Fix bearer token invalidation bug by calling AddResponses() twice on 401 errors

[iain-macdonald]

Issue #, if available:
#686

Description of changes:
There's a pretty detailed description of the bug that this PR fixes at #686. This fix addresses the first sentence of the second paragraph there:

However, the soci-snapshotter code that provides HTTP Responses to the authorizer only ever provides the most recent HTTP Response, so the logic above is never exercised. Instead, it always hits the n == 1 condition in invalidAuthorization.
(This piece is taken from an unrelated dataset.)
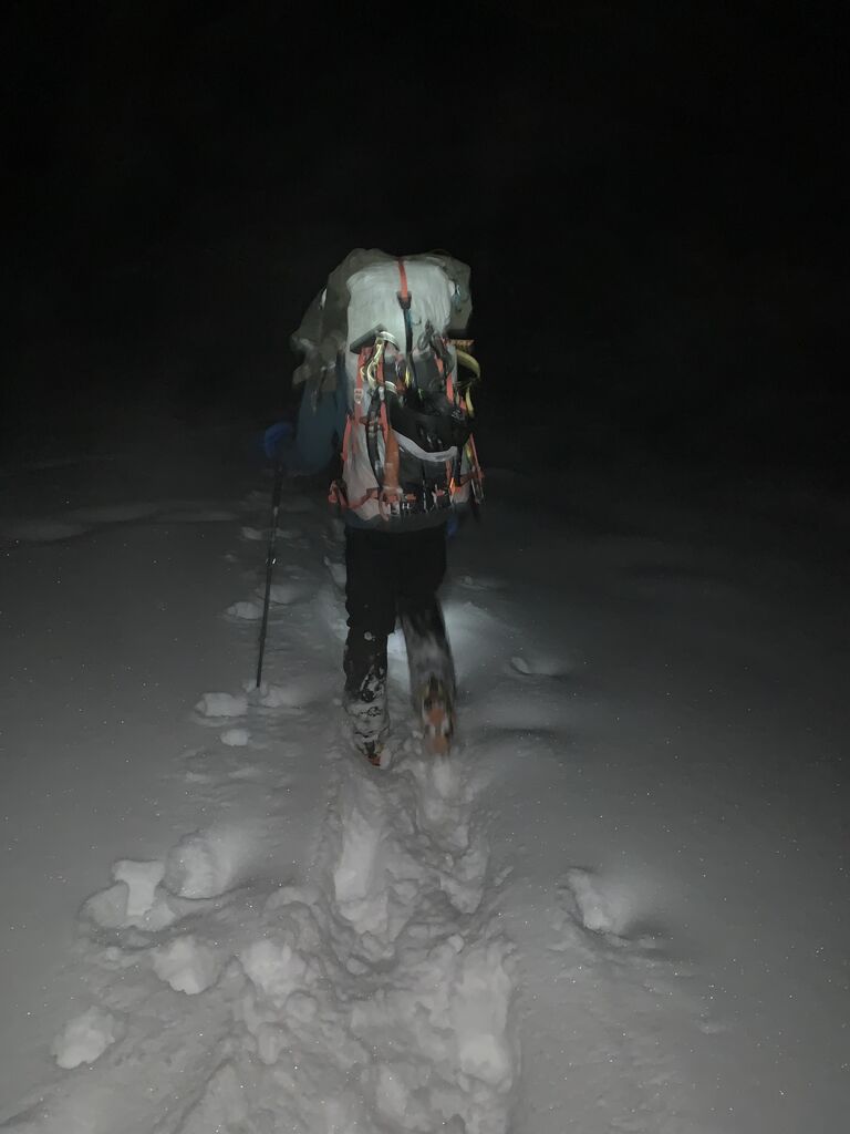 ベースキャンプまでの道はモレーンという特徴のないガレ場がずっと続く。おまけに細かい起伏もある。その中でも道を見失わないよう、往路でピンクテープを岩に巻いていた。しかし既に日没。辺りはどんどん暗くなり、目印は分からない。おまけに予報通り吹雪いてきた。5000m地点でついに完全に進む方向が分からなくなった。

Instead of just calling AddResponses() with the one response, this PR changes that logic to provide the same 401 response twice to AddResponses() to force invalidation of the expired token and then adds a second call to AddResponses() with just once 401 response to fetch a fresh bearer token before proceeding to retry fetching resources from the remote registry.

Testing performed:
We have been using this fix in production at BuildBuddy to stream public container images from remote registries without incident:

Kern also kindly offered to add an integration test for this bug in #686.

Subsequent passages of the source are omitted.